The noise on Technorati around Dubrovnik is too difficult to sift through -- lots of link factories or advertising come back, so I give up. Flickr yields, as usual, a wonderland of beautiful pictures of Croatian seafood when I do my search, but there's no associated information with any of the pictures (i.e., where did you eat that gorgeous shrimp?)
The moral of this story is that I've ended up a bit stymied. No online source that I really trust has led me to good restaurant options in Dubrovnik. I'm now planning to call up a friend who's a tour guide and was in Croatia with a group a few weeks back for her insights, and then go out and buy a copy of another friend's book on Croatia, Annabel Barber's Visible Cities Dubrovnik.
I think the reason I find this long tale interesting is because of, well, the theory of the internet's long tail that Wired's Chris Anderson and others have written extensively about over the past two years. The theory, which I largely agree with, is that web 2.0 allows for incredibly rich information geared to very niche markets or demographics (foodies traveling to Dubrovnik, i.e.); related thinking revolves around the idea that trusted communities will form around these niches, and that the read/write web allows everyone to join those communities as both a consumer and producer of information. That's great, again, I largely agree with that.
The problem I see is that some niches which are transitory, and some niches aren't. I am going to care for a long time about data security and human rights organizations, and it's worth it for me to build a community of trust around that issue. I only care this week about good restaurants in Dubrovnik, and it really not worth it for me to build or join a community of trust around that.
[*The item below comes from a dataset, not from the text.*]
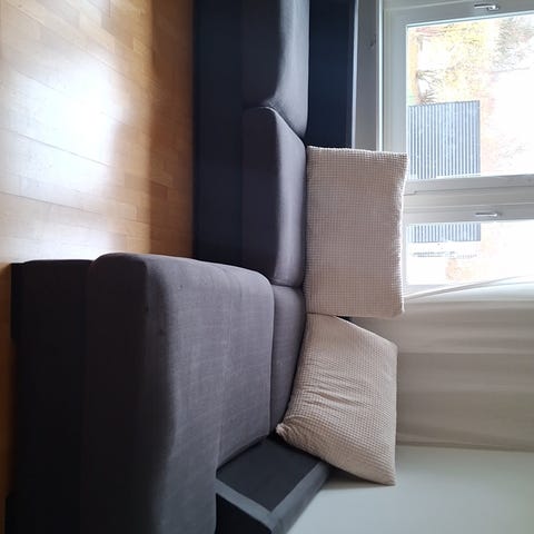 Röd tygsoffa i 3 delar, går att ta bort en sittplats om den blir för stor. Går att ta av klädseln på dynor och kuddar för tvätt. Har en liten fläck på toppryggen och klössmärken på sida. Inte lika intensivt röd live som bilden, lite solblekt.

Nevertheless, I want to be able to dip into online communities who do care about that issue when I need to know more about it -- and yet, I'm not really in a position to evaluate who is a trusted source in a specific network. How do I know that so-and-so poster on Chowhound is reliable? Why should I trust the person who recommended to Gridskipper that X restaurant in Dubrovnik is excellent? So, one of the downsides I see with the beauty of niche information is the inability of an individual to be involved in as many as they want to, or need to, be. I think that what comes out of this is more and more recommendation systems a la Slashdot or Digg that are geared in a very niche way. However, a lot of sites will need to be rebuilt to put those kinds of tools in place....so I still see a long haul ahead of us for making the read/write web truly useful. These kinds of experiences are a good reminder to me that, no matter how fast it seems like we're moving on communications technologies, we're still taking baby steps. And that's why I'm heading out now to buy Annabel's book to take with me this afternoon to Dubrovnik.